→ Aim of the exercise
Reproduce the entries below exactly, but only from the line containing "Парфюмированный шампунь Pure" to the line containing "First floor unit", inclusive.

→ Material supplied

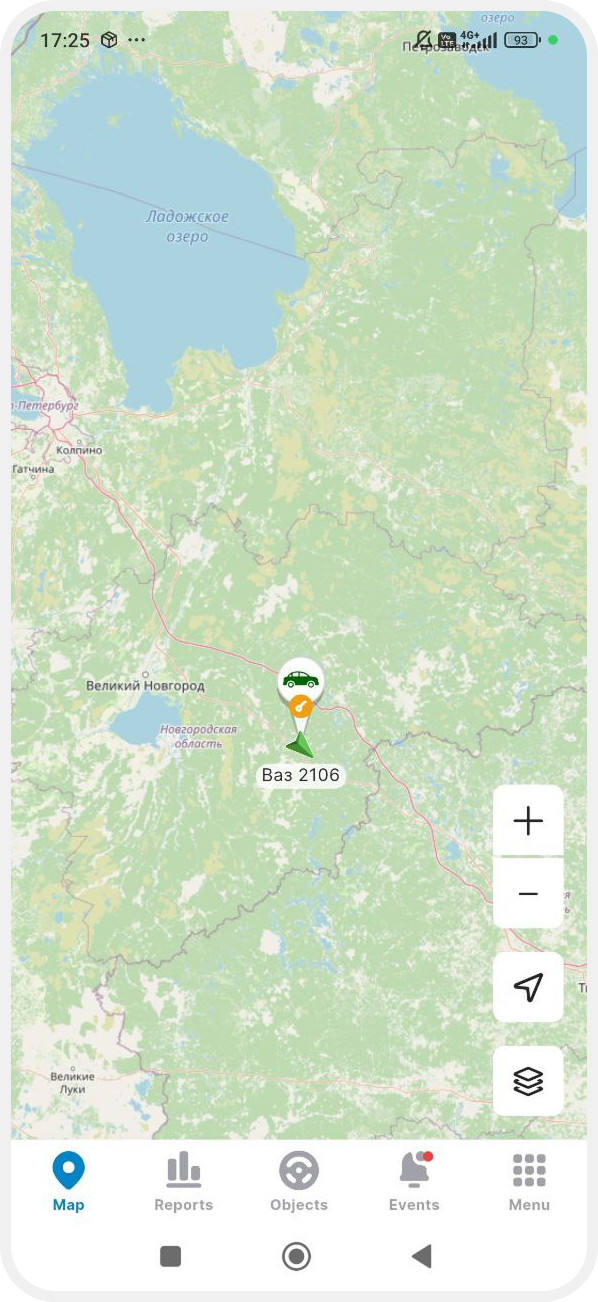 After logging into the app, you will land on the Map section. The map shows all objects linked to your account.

---

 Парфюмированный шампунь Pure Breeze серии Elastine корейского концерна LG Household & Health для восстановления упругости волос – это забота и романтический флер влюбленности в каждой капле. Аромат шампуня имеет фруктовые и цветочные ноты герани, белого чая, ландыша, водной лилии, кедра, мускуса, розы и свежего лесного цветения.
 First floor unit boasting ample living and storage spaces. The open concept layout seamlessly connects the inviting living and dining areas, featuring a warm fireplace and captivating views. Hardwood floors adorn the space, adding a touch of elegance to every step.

→ Response to this task
 Парфюмированный шампунь Pure Breeze серии Elastine корейского концерна LG Household & Health для восстановления упругости волос – это забота и романтический флер влюбленности в каждой капле. Аромат шампуня имеет фруктовые и цветочные ноты герани, белого чая, ландыша, водной лилии, кедра, мускуса, розы и свежего лесного цветения.
 First floor unit boasting ample living and storage spaces. The open concept layout seamlessly connects the inviting living and dining areas, featuring a warm fireplace and captivating views. Hardwood floors adorn the space, adding a touch of elegance to every step.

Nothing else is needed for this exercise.